Да, наверное, — ответила она сухо. Спускаемся дальше вниз, Люся по-прежнему рядом со мной. Оно и понятно: если она от меня отойдет, это будет так наглядно, что вызовет пересуды. Проголодались. Толкаясь и мешая друг другу, дружно, со смехом и шутками, разжигаем костер и готовим обед. Очень активны Александр Павлович и Дмитрий Афанасьевич, лишь Аржанковы не участвуют в этой сутолоке. А Люся и в этой суматохе со мной рядом. Почему? Уж тут-то она могла совершенно естественно меня оставить хоть бы на время, раз я ей неприятен.

После обеда разбрелись по нашей поляне и ее ближайшим окрестностям. За время нашего здесь пребывания мы не встретили ни души и не заметили следов деятельности человека, только наша машина, кучка мусора и угли от костра у ручья — это следы нашего пребывания, и надо будет их убрать. Люся и я идем на голос Толи — он непривычно для меня возбужден:

— Как тут было сто лет назад, тысячи лет назад, так и сейчас. Даже не представлял себе такого ощущения — утрата времени. Не течения времени, а времени, в котором живем. Странно и приятно – легко — легко...

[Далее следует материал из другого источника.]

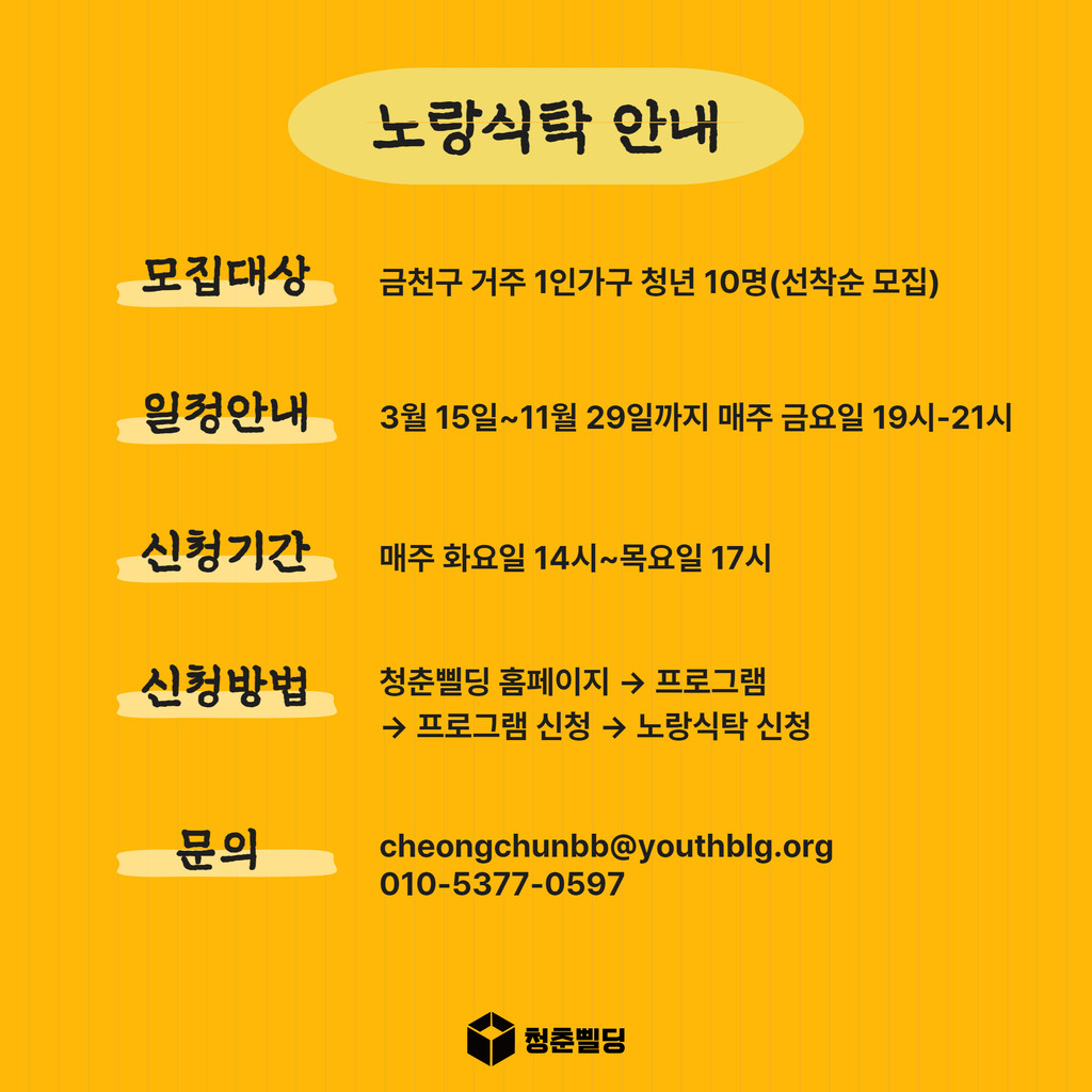 청춘삘딩 홈페이지 > 회원가입 > 프로그램 > 프로그램 신청 > 노랑식탁
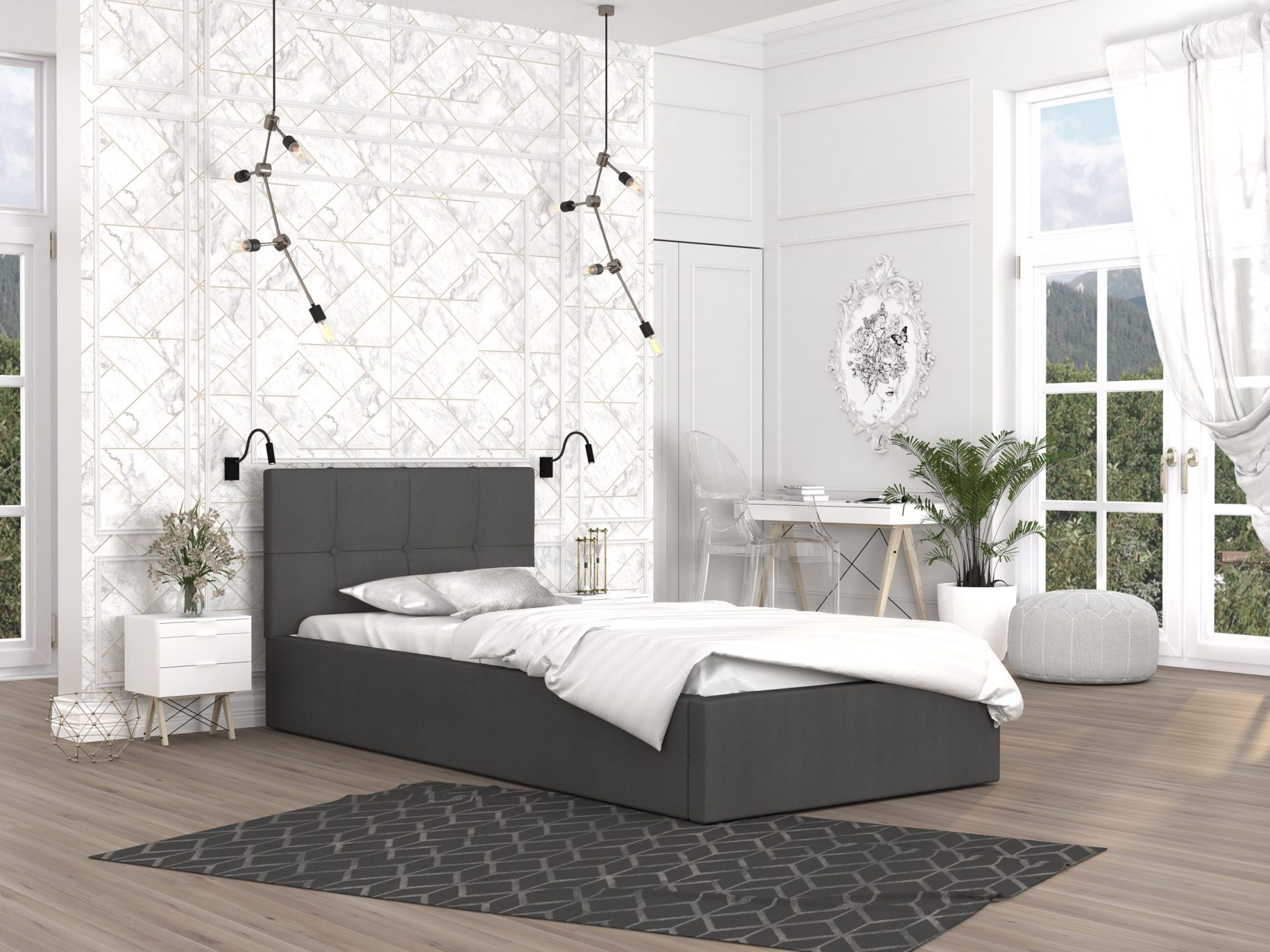 Pojedyncze łóżko grafitowe aranżacja widok z boku 120x200 RUBY

— Да, это верно, — говорит Александр Павлович. — Полное отрешение от нашего времени и всего, что с ним связано. До чего хорошо! Наверное, так и лечить можно.

— А природа лечит, — говорит Мотя. — Я в это верю.

— Дюся! — доносится голос нашей старшей спутницы. — Идите все сюда, не пожалеете! Пора уезжать, а нам не хочется.

— А вам хочется? — спрашиваю шофера.

— Нет. Сколько раз сюда ездил, и всегда не хочется. Можно бы и еще задержаться, так приедем среди ночи, а завтра — на работу. Смотрите сами. Мне завтра на работу не выходить.

Посоветовались: все за то, чтобы еще остаться, Аржанков — как большинство. Перед отъездом Мотя напомнил, что нам нужно убрать за собой. Женя попросил у шофера лопату.

— Да зачем вам лопата? Побросайте все в ручей, он унесет, и следов не найдете.

Так мы и сделали и уходили, оглядываясь: нас тут как никогда и не было.

Улегшись на сено, почувствовал усталость. Наверное, устали и другие — все притихли.

Неугомонный Женя залез в кабину, и снова ночь застала в горах, и снова над узким ущельем — узкая полоса неба с яркими звездами, и вдруг родились стихи:

Ночь над ущельем упадет.

Дорога звезд над головою,

Как лента узкая. Зовет

Она далеко за собою,

В прохладный мир теней и грез,

Окаменевший мир движений,

Мир вечно длящихся мгновений,

Мир грусти и счастливых слез.

Стишок я не буду читать никому, даже Моте — типичное подражание, кому — не знаю, но они не оригинальны. Рядом — Люся, но ей тем более не прочтешь — расстроится и рассердится. Давно знаю — нет идеальных людей, в каждом — хорошее и плохое, и в отношениях с людьми я стараюсь опираться на то хорошее, что в них есть, игнорируя плохое, если, конечно, плохое не заглушило все хорошее так, что и опереться не на что. Иначе будешь жить как в пустыне... «Одинок я в зубьях башен» — вот именно! Кажется, я сейчас понял, что мне так не нравится в Люсе: она навязывает свои взгляды силой, вплоть до уничтожения тех, кто их не разделяет. Но Люся! Ведь в наших с ней разговорах угадывалась одинаковая оценка нынешних большевиков. Однажды я сказал:

— Как бы не дошло до того, что Сталина по примеру Наполеона объявят императором советских народов.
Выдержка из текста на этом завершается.